Similarly recent developments have brought the newer ferritic, iron-chromium-molybdenum alloys to their present state of development and employment. The best of these alloys effectively resist failure in seawater and many other chloride environments. While their resistance to oxidizing substances is outstanding, they have much more limited utility for non-oxidizing conditions. As a result of further development their resistance to reducing conditions was somewhat broadened in variations containing small additions of nickel. But it was quickly learned that they had to have extremely low carbon and nitrogen contents. This meant that these alloys could not be produced by ordinary air-melting methods and would remain unavailable as cast articles.
Even before the ferritic iron-chromium-molybdenum steels were developed there existed a few early duplex alloys which combined austenitic and ferritic matrix structures. These alloys tolerated nitrogen and at least small amounts of carbon, were air-meltable and available as castings. More recently their utility and importance expanded rapidly with the understanding of the importance of small additions of nitrogen. Such additions reduce the unequal partitioning of chromium and molybdenum between the two phases and enhance resistance to pitting, crevice corrosion and stress corrosion failure, resulting in a class of stainless steels that combine some of the best features while sidestepping many of the undesirable characteristics of all of the prior alloy types.

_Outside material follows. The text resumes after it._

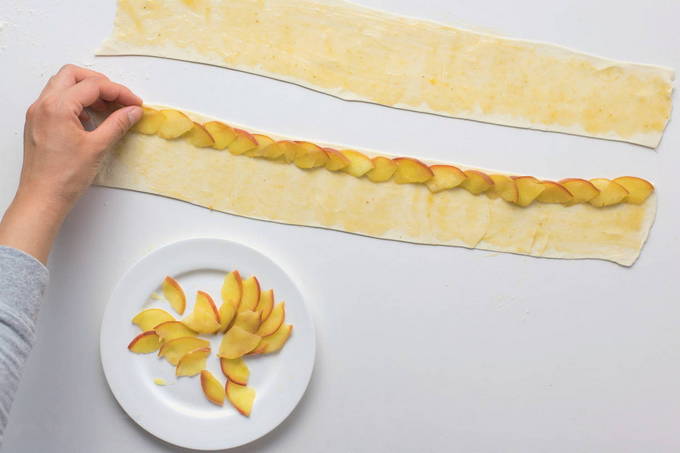 - Snijd de tweede laag bladerdeeg diagonaal in reepjes. Ten slotte leggen ze ze in een rooster en bedekken ze de vulling ermee. Giet alles erop met de appelstroop die we in het begin hebben gemaakt.

These duplex alloys have found widespread use in the oil and gas industry, notably for line pipe, oil-gas separators, tubing and liners. They have been extensively used on the North Slope of Alaska for gas-gathering-line pipe to handle gas which contains large amounts of water and carbon dioxide which combine to form carbonic acid creating acidity conditions approaching a pH of 3.8. They are also used in a large variety of process equipment such as heat exchangers, tube sheets, tanks, pressure vessels, columns, fluegas scrubbers, shafts, pumps, valves, fittings and piping.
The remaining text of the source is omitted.